Cherry’s second return

For 14 years, Cherry broadcast on WPUL-AM 1590, which is owned by the Cherry family. Though Cherry broadcast a few shows on WPUL-AM in 2018, he told the Daytona Times he couldn’t keep up his radio broadcasting schedule “because I had more important things to do.

“Even a single weekly half-hour talk show like mine that doesn’t take phone calls requires preparation. Last year, I just couldn’t carve out the time to get the job done at the high level I demand of myself. This year, things have changed,” he related.

WPUL is back on the air 24 hours a day playing a Latin Hits format while undergoing a signal improvement project. Soon it will be broadcasting on both the FM and AM bands.

Former prosecutor

A Daytona Beach native, Cherry graduated from Seabreeze High School in 1974 and matriculated to Atlanta’s Morehouse College, where he earned a Journalism degree with honors in 1978.

He then graduated from the University of Florida’s Holland Law Center (now Levin College of Law) and Graduate School of Business (now the Warrington College of Business Administration) with both Juris Doctor and Master of Business Administration degrees, respectively, in 1982. He was admitted into the Florida Bar in December 1983.

Cherry is a former Fort Lauderdale city prosecutor and South Florida (17th Judicial Circuit) state prosecutor. For more than 10 years, he served as general counsel to the high-performing Housing Authority of the City of Fort Lauderdale, where he worked closely with its visionary former executive director, the late Dr. William H. Lindsay.

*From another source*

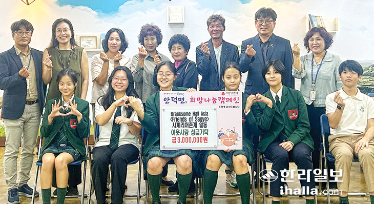 서귀포시 안덕면(면장 김태유)은 지난 17일 브랭섬홀 아시아(BHA) 국제학교의 봉사동아리 '프렌즈 오브 사계'(회장 하유정)와 사계리어촌계(계장 김기범)가 어려운 아동·청소년을 위해 기부금 300만원을 전달했다.

He practiced law for 21 years before returning to journalism and newspaper publishing as his primary occupation upon the death of his father Charles, Sr. in 2004.

Broadcaster, author

For the past 28 years, Cherry has written commentaries, editorials and stories for the Daytona Times. His award-winning weekly column, “Straight, No Chaser,” has appeared in the Florida Courier since 2006.

Cherry is also the co-author of “Fighting Through the Fear – My Journey of Healing from Childhood Sexual Abuse,” written with his good friend and former Morehouse College roommate, C. David Moody, Jr. The book, published in 2016, describes Moody’s harrowing personal journey as a childhood sexual abuse survivor.